Hinterland is one-part Diablo-style action game, and one-part village-management. Essentially, you go around a randomly-generated map, fighting monsters and trying to find resources to sustain a village. At the same time, you're recruiting villagers to your humble land who can then set up shop as tailors or blacksmiths or guards. These villagers, regardless of profession, can also be armed with gear and set up to defend their village during monster raids or adventure with the player in a party.
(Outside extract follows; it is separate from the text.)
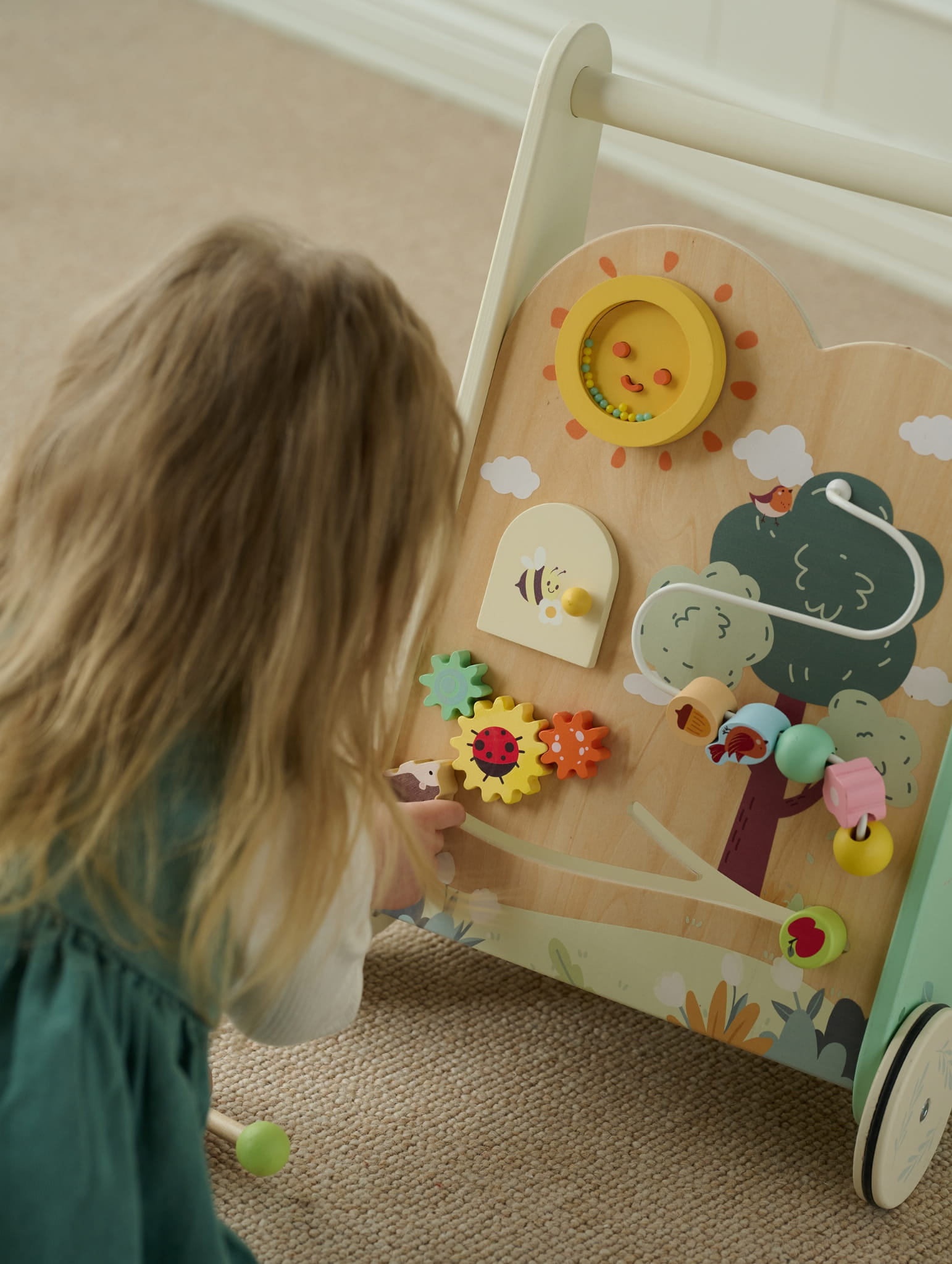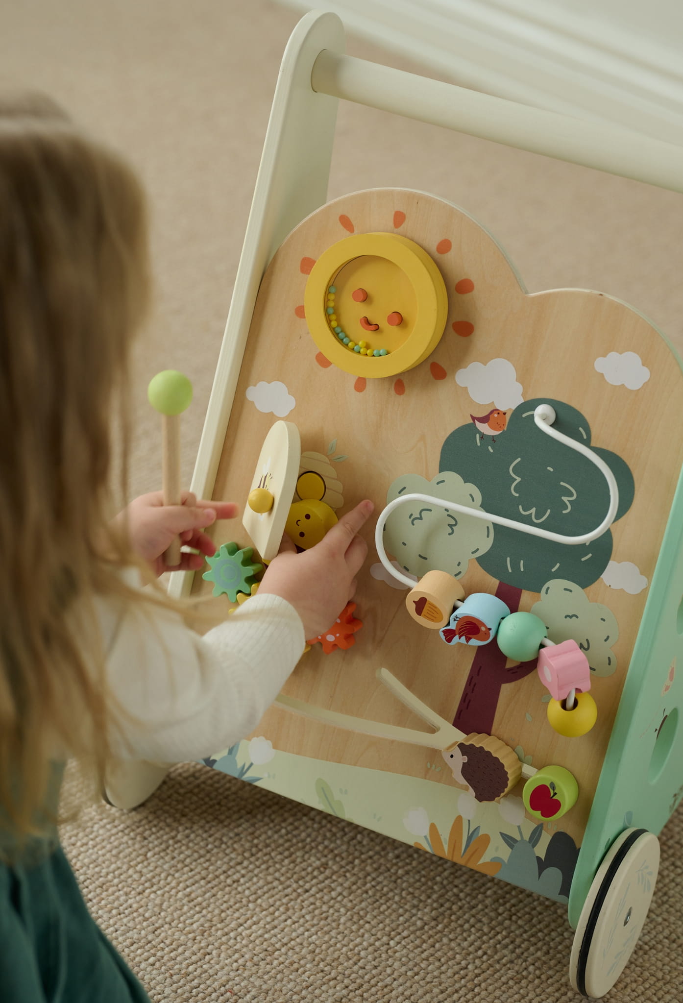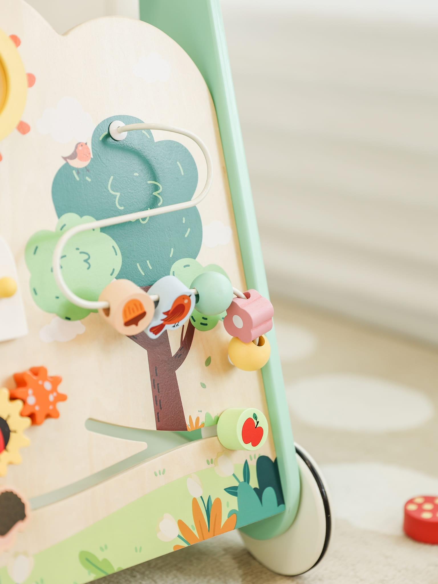- - Rozwój zdolności motorycznych - Przesuwanie koralików, sortowanie klocków i zabawa kołami zębatymi wymagają precyzji i siły, co wspiera rozwój małej motoryki i wzmacnia mięśnie dłoni.

However, it is SUCH a shallow experience. The graphics are visibly of bargain-basement quality (as you can see from the screenshots). Combat devolves to pointing and clicking, then watching your adventuring party (you can only ever control one) beat up whatever is in the area. Worst of all, the village you build up becomes supremely underwhelming when everything it produces are far outshone by loot from the wilderness. The loot itself is never visually appealing or causes satisfying effects beyond making damage numbers higher.

Personally, I have always wanted a game village that takes an active part in the player's game. After all, has a NPC farmer ever asked you to kill 5 rats? Haven't you ever wanted him to kill his own damn rats? You have pitchforks! You have hammers! Fight with me against the enemy hordes! Don't just squat in your stinky huts with exclamation marks over your heads, waiting for Almighty Player to save your stinky hides!

This game took a few small steps towards an interesting idea, and then plopped down and went no further. Tragic.